(Material for the task begins)

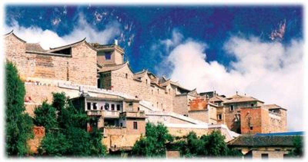 站在東門(mén)馬幫文化廣場(chǎng)上抬頭仰望,石階之上,東門(mén)樓——雙瓦頂磚墻的三層城樓雄踞眼前,莊重宏闊;一層城門(mén)的卷拱門(mén)頭上書(shū)“迤薩”二字。進(jìn)了城門(mén),姚家大院、錢家大院和12棟迤薩古民居呈中西合璧的方形碉堡狀,沿著山脊緊湊排列,高低錯(cuò)落有致,氣勢(shì)磅礴壯觀。稍遠(yuǎn),100多棟迤薩古民居建筑散布城中,和“東門(mén)樓及迤薩民居”古建筑群共同構(gòu)成了這座馬幫古鎮(zhèn)的獨(dú)特風(fēng)貌。迤薩民居大都建于清代和民國(guó)初年,享有“江外建筑大觀園”和“邊地建筑博物館”美譽(yù)。
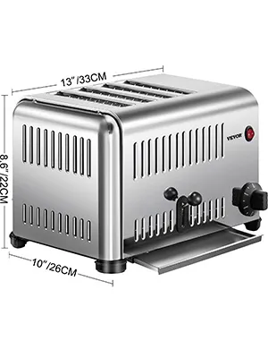 Il nostro tostapane in acciaio inossidabile argento con un aspetto a specchio è perfetto per la cucina di casa, il ristorante, il bar. Il suo corpo resistente ed elegante si adatta bene in ogni caso.
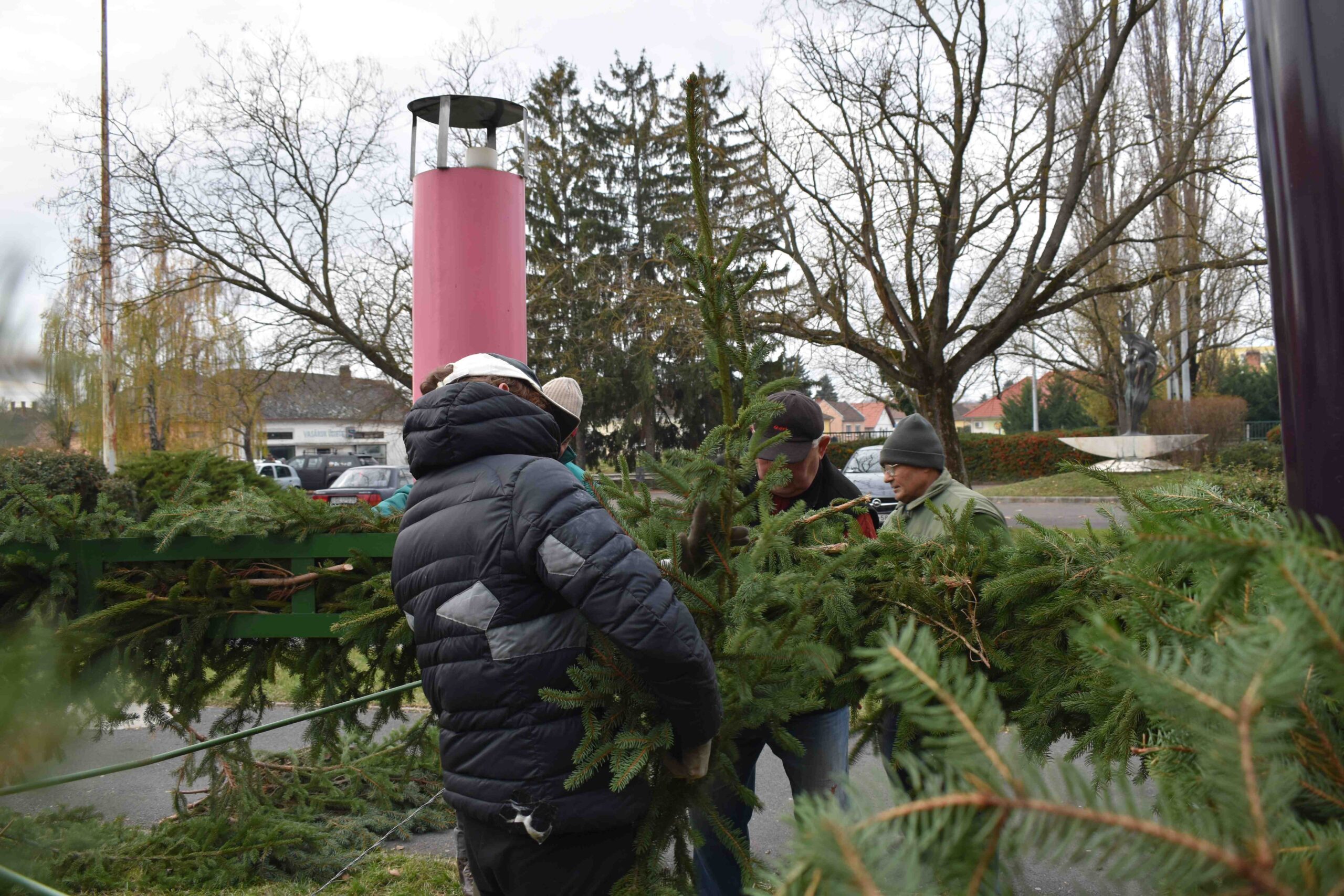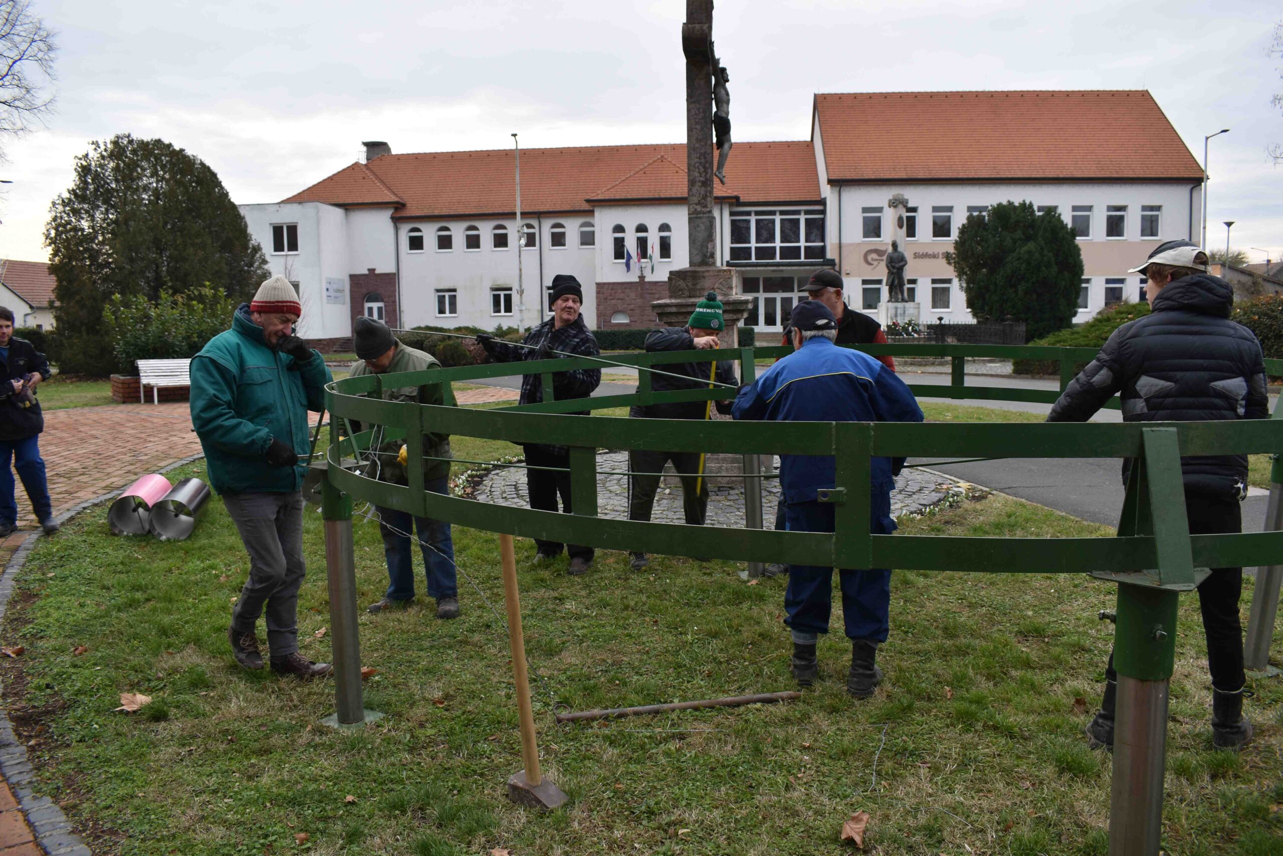 Az idei munkákat Gelencsér Róbert és Tóth Péter irányították. A Marcali Római Katolikus Egyházközség 14 fős csapata rutinos gyorsasággal állította össze a koszorú fém-váz keretét és díszítette fel fenyő-ágakkal a nagyméretű koszorút.
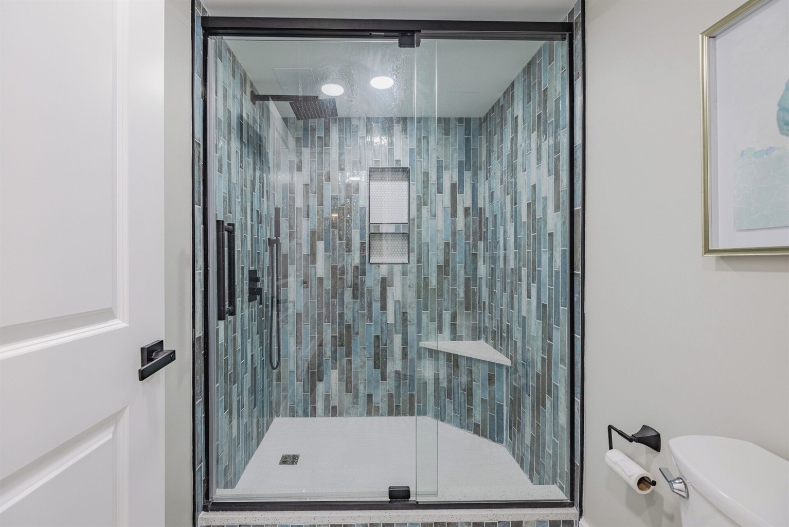 The master bedroom features a king-size bed, smart TV with streaming channels, ceiling fan, clothing storage, and an ensuite bathroom with a tiled walk-in shower.
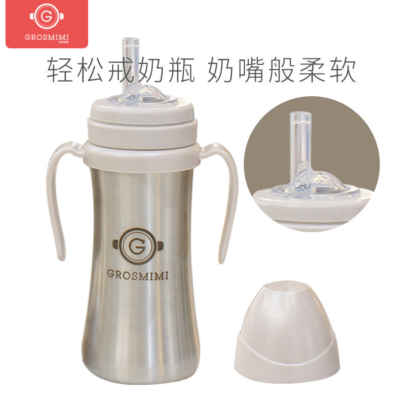 South Korea grosmimi insulation straw cup stainless steel cup Gro Mimi baby bottle accessories baby drinking milk cup learning to drink
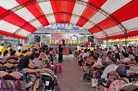 二十七日,文化节举办踩街记者会,袁区长邀请法轮功学员与会,并担任踩街团队引领牌志工,并由身着金黄炼功服的腰鼓队压轴表演,带动整个街道的热闹气氛至记者会场。
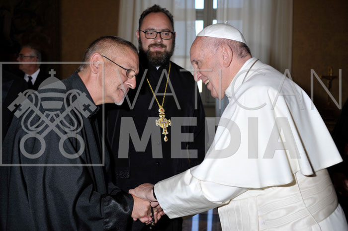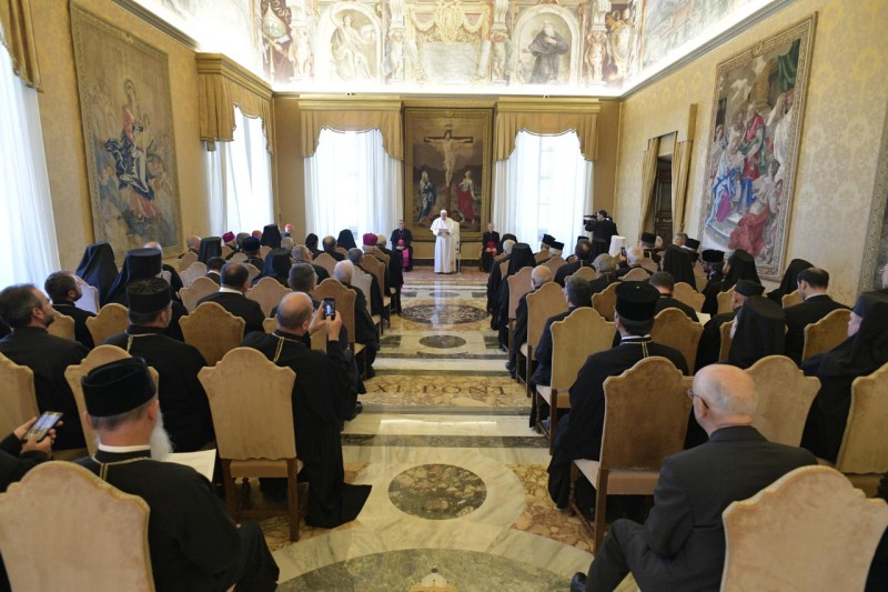 U subotu, na blagdan Uzvišenja svetoga Križa koji se posebno svečano slavi u istočnim katoličkim Crkvama, u Apostolskoj palači, sve sudionike susreta primio je papa Franjo. Obratio im se posebnim riječima, rekavši na samom početku kako je ovaj susret vidljivi znak bogatstva različitosti Katoličke Crkve na Europskom kontinentu, koja nije samo ograničena na latinsku (zapadnu) tradiciju. Spomenuvši svoj pohod Rumunjskoj pred nekoliko mjeseci, gdje je služio božansku liturgiju po bizantskom obredu i proglasio blaženima sedam biskupa-mučenika Rumunjske grkokatoličke Crkve, papa Franjo je rekao da je to bila izvrsna prigoda pokazati koliko su cijela Katolička Crkva i Petrov nasljednik zahvalni za svjedočanstvo vjernosti zajedništvu rimskom biskupu kroz povijest, pa i pod cijenu prolijevanja krvi. Naglasio je da je “katoličko zajedništvo dio vašeg partikularnog identiteta, a nikako ne narušava vaš identitet... Živeći vaše crkvene tradicije u punini, vi se napajate iz istih izvora duhovnosti, bogoslužja i teologije kao i Pravoslavne crkve. Lijepo je zajednički biti svjedocima tako velikih bogatstava. Moguće je i na akademskom području promicati zajedničke programe studija i kulturne razmjene, uključujući osobito mlađe svećenike, tako da budu odgojeni u širini pogleda. Iznad svega i u svemu, pomozimo jedni drugima živjeti u ljubavi sa svima. Ljubav ne poznaje kanonske i jurisdikcijske granice. Boli me kad i među katolicima vidim svađe oko jurisdikcija“ rekao je papa Franjo. Život u ljubavi priprema nas za život u jednom zajendičkom nebu na što smo pozvani, ustvrdio je Sveti Otac, “a tamo Gospod neće tražiti račun o tome koja i kolika područja su bila pod našom jurisdikcijom. Neće nas pitati kako smo pridonijeli razvoju naših nacionalnih identiteta. Naprotiv, pitat će nas koliko smo ljubili bližnjega, svakoga bližnjega... Budite hrabri, draga braćo, koračajte naprijed u duhu zajedništva!“ završio je svoje obraćanje papa Franjo, zamolivši sve za molitve jer su mu, kako je rekao na kraju, jako potrebne.

(Material for the task ends)

Everything from the line above that contains "Il nostro tostapane" down to the line that contains "The master bedroom" must be reproduced exactly, both ends included. Omit the pictures.

**Reply:**
 Il nostro tostapane in acciaio inossidabile argento con un aspetto a specchio è perfetto per la cucina di casa, il ristorante, il bar. Il suo corpo resistente ed elegante si adatta bene in ogni caso.
 Az idei munkákat Gelencsér Róbert és Tóth Péter irányították. A Marcali Római Katolikus Egyházközség 14 fős csapata rutinos gyorsasággal állította össze a koszorú fém-váz keretét és díszítette fel fenyő-ágakkal a nagyméretű koszorút.
 The master bedroom features a king-size bed, smart TV with streaming channels, ceiling fan, clothing storage, and an ensuite bathroom with a tiled walk-in shower.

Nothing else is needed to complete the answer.